L’institution Notre-Dame de Bétharram, un établissement privé catholique, cessera définitivement ses activités à la fin de l’année scolaire en cours. Cette décision intervient après la révélation d’un système de violences physiques, psychologiques et sexuelles qui a sévi pendant plus de vingt ans au sein de l’école.
La direction de l’enseignement catholique a acté cette fermeture, la jugeant inéluctable. Le nom même de Bétharram, désormais associé à l’un des plus graves scandales de pédocriminalité dans le milieu scolaire français, est devenu intenable pour la réputation de l’ensemble du réseau.
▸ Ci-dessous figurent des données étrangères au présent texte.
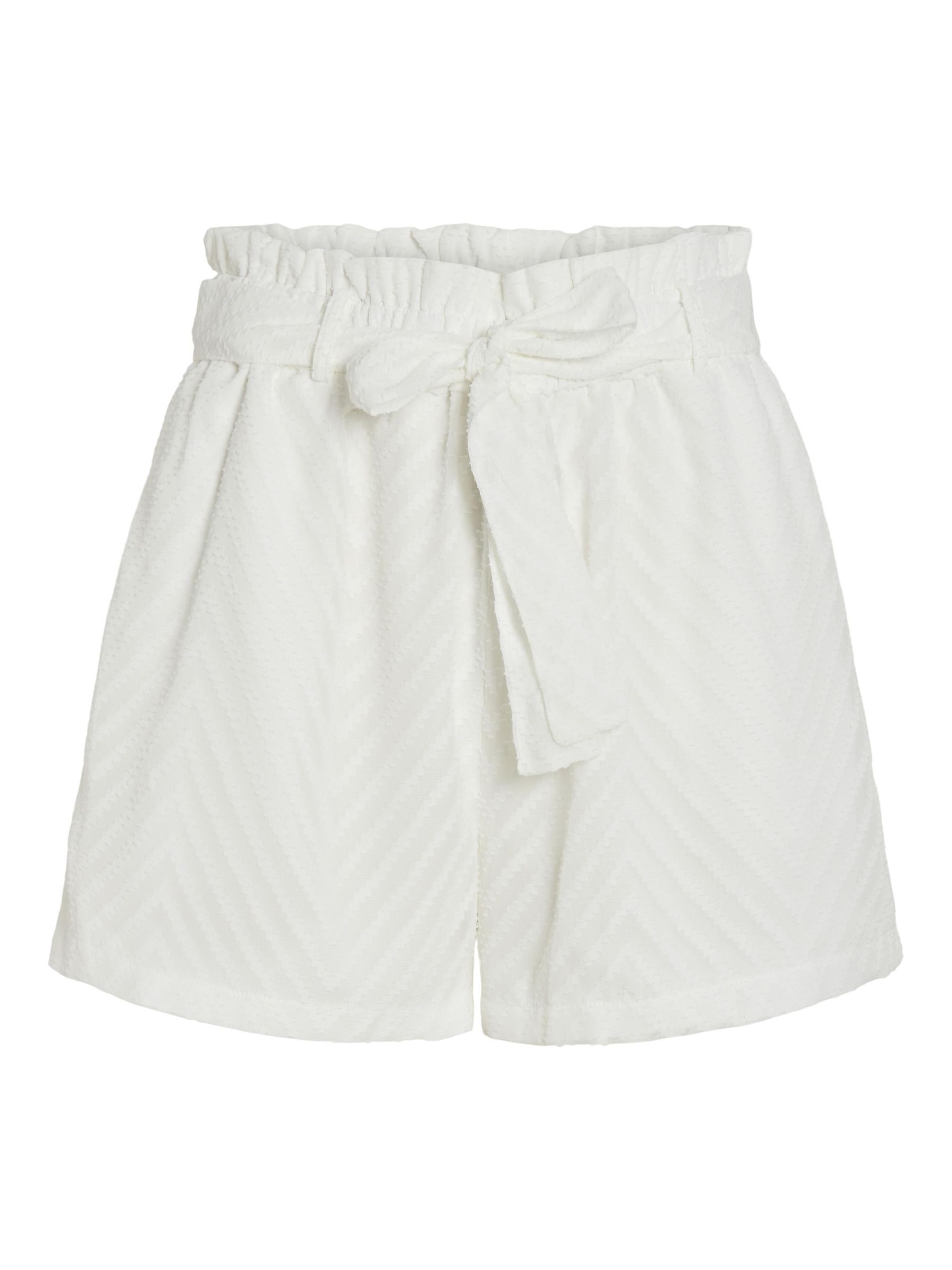 • High waist shorts• Textured fabric• Tie waist with removable belt• Belt loops• Side pockets• Elastic waistband• Regular fit• Inseam: 7.5 cm in size 38• Frontrise: 32 cm in size 38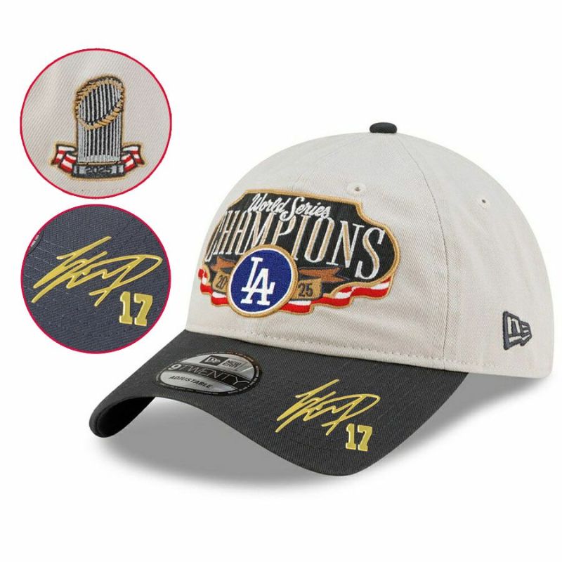関連キーワード[キャップ][帽子][【海外カスタム品】Chrome Patch 2025 World Series Champions Locker Room 9TWENTY Adjustable Hat (Gold Player Sign/Gold Number)][Los Angeles Dodgers][Shohei Ohtani #17][Cream/Charcoal][メジャーリーグ 大リーグ][LAD]

La mesure doit encore recevoir l’aval des autorités religieuses à Rome, la congrégation des Pères de Bétharram relevant directement du Vatican.
La pression judiciaire et médiatique a été déterminante. Plus de deux cents plaintes ont été recensées à ce jour, dont dix-sept nouvelles dépositions récentes. Les témoignages des anciens élèves décrivent un climat de terreur et des sévices d’une extrême brutalité : passages à tabac par des membres du personnel, humiliations infligées à de jeunes enfants, pratiques relevant de la torture.
L’onde de choc de ce scandale a également atteint les plus hautes sphères politiques au début de l’année 2025, conduisant à la mise en place d’une commission d’enquête parlementaire. Des élus de tous bords avaient alors cherché à comprendre comment ces agissements avaient pu perdurer aussi longtemps malgré des alertes présumées.
La fermeture de Bétharram marque la fin douloureuse d’un chapitre sombre, mais ne représente qu’une première étape dans un long processus de vérité et de justice pour les victimes.